Nonetheless, the research of HCM modeling with iPSC-CMs is still in its infancy. Differences between complex in vivo structures and pathophysiology and simplified in vitro conditions may result in the inability of iPSC-CMs to fully recapitulate the HCM phenotype. Furthermore, one of the challenges is the need to continue to improve the maturity of iPSC-CMs. Previous studies have shown that increasing substrate stiffness [102], mechanical stress [131], electrical stimulation [132], and several other methods can promote the maturation of iPSC-CMs to a certain degree.
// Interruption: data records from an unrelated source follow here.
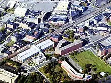 Lynn a également accueilli huit autres stations sur différents sites - dont aucune n'a duré jusqu'à l'ère MBTA - plus une neuvième qui a ouvert ses portes en 1965. Outre ses arrêts du centre-ville, le chemin de fer Eastern a également servi East Lynn de 1880 jusqu'à ce que le service de Marblehead Branch se termine le 14 juin 1959[31]. Des escaliers entre la rue Chatham et le site de la gare existent toujours, bien qu'aucun bâtiment de gare ne subsiste[32]. Le dépôt de 1896 a été démonté en 1912 en vue de la séparation de niveau du centre-ville. Il a été déplacé à Durham, New Hampshire, où il sert maintenant de bar laitier de l'Université du New Hampshire et d'un arrêt de station sur le service Downeaster d'Amtrak. Une station West Lynn était située sur la rue Commercial, à la jonction avec le chemin de fer Saugus Branch, et la rue Green était brièvement située juste à l'est de Central Square[33],[34]. Ni les bâtiments de West Lynn ni de Green Street ne survivent.
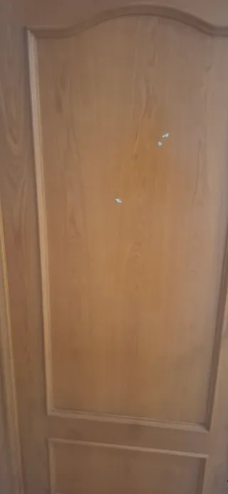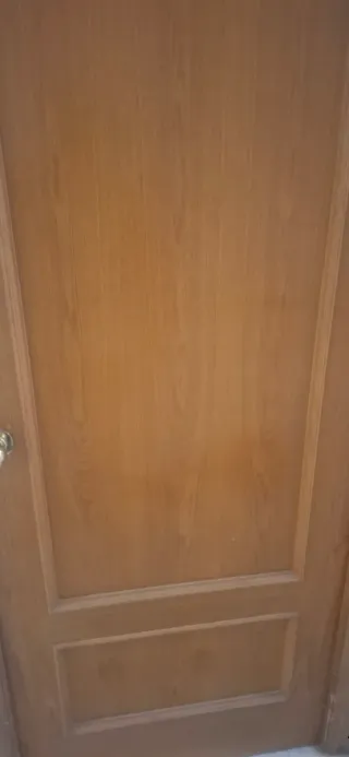 Puerta interior de madera en buen estado. Ideal para proyectos de bricolaje o para sustituir una puerta vieja. Mide 2.09 x 0.72 -Puerta maciza de madera. -Color marrón claro. -Dispone de manija.
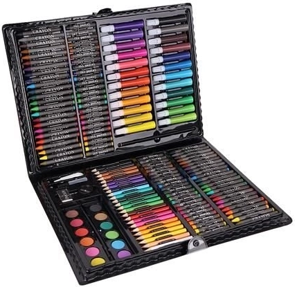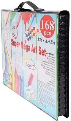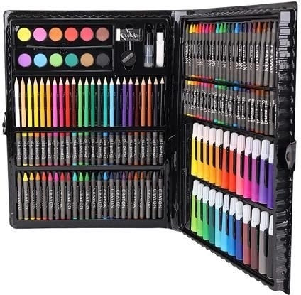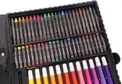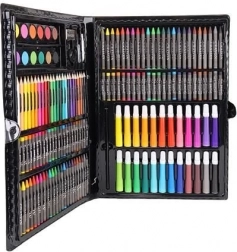 Super Mega Sæt med Kunstnerartikler 168 stk. tilbyder alt, hvad du behøver for at skabe kunstværker: 24 farveblyanter, 24 farvetuscher, 48 oliepasteller, 48 voksfarver, 12 akvarelfarver og meget mere. Alle materialer er elegant organiseret i et praktisk etui, hvilket sikrer nem adgang og overblik.
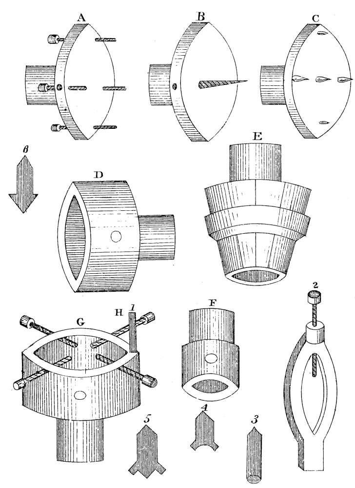 The bottle, B, is also ornamented with the same tools. It is hollow down the neck, and is intended to contain a tin or glass of water; in the stopper is glued a small camel’s-hair brush, which rests in the water, and is meant to be used for wetting postage-stamps, and fastening them upon letters. The bottom of the neck unscrews at fig. 1, and the part below it is hollowed out like a box, to hold the stamps. The neck is ornamented in steps. Set the cutter quite flat, facing the side of the work; use the tool No. 5; cut one line, move the brass wheel of the lathe just far enough to make the second cut join the first, and the same all round. In the next row make the first cut half-way between the others; thus, if you have begun at the numbers, 1, 6, 12, in the second row begin at 3, then go to 9, then to 15, and so on. Every row of steps begins half-way through the former ones, and for each row move the cutter on the slide rest the breadth of the tool. The convex moulding at the bottom of the neck is done by putting one of the[Pg 92] hollow tools of the sliding rest into a handle, and rounding the ornament with it. The other patterns are all done with the same cutter, by placing the tools at different angles. In the same plate, 9, the two patterns F and G are very beautiful, they are worked with the eccentric cutter. F resembles the scales of fish lying one over another: put the most angular tool, No. 5, (of the cutter tools), into the cutter; describe a circle from the edge of the middle line to the outer one; cut one circle very deep, move ten numbers on the brass wheel of the lathe, and so on to the end.
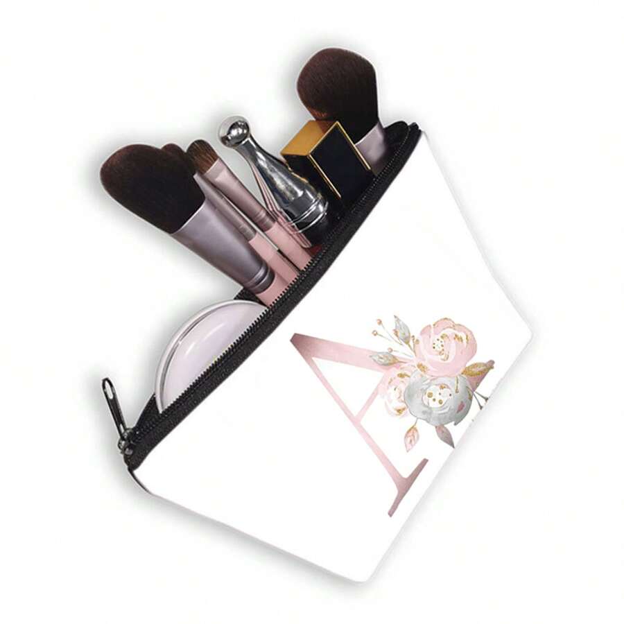 Simple Portable Pattern Cosmetic Bag, Travel Makeup Storage Bag With Zipper, Trendy Toiletry Wash Bag,Letter Printed Clutch Pouch , Pouch Bags

However, it is unclear how far maturation should improve before iPSC-CMs could be to be generally accepted as a model for studying HCM. Obviously, the use of iPSC-CMs for HCM modeling requires a set of CMs characteristic criteria, including cell morphology, sarcomeric protein isoforms, electrophysiology, calcium handling, mitochondrial function, and metabolism resembling adult cardiomyocytes (as listed in Table 2).

Although the 28 studies reporting iPSC-CMs with HCM mutations vary largely in cell size and no clear consensus is formed in other HCM phenotypes such as contractility, it is too early to conclude that iPSC-CMs cannot provide critical information for HCM models. These differences may reflect the diversity of culture conditions and measurement methods. Therefore, a consensus-implemented approach is needed to standardize the generation and differentiation of iPSCs, normalizing the structure and function properties of iPSC-CMs. We believe that with standardization of culture conditions and culture time, improvement in maturity, and emergence of more comprehensive measurement techniques, more predictive HCM models from iPSC-CMs would be built to better mimic HCM. This will help to provide a better understanding of the pathophysiology of HCM and its individualized treatment.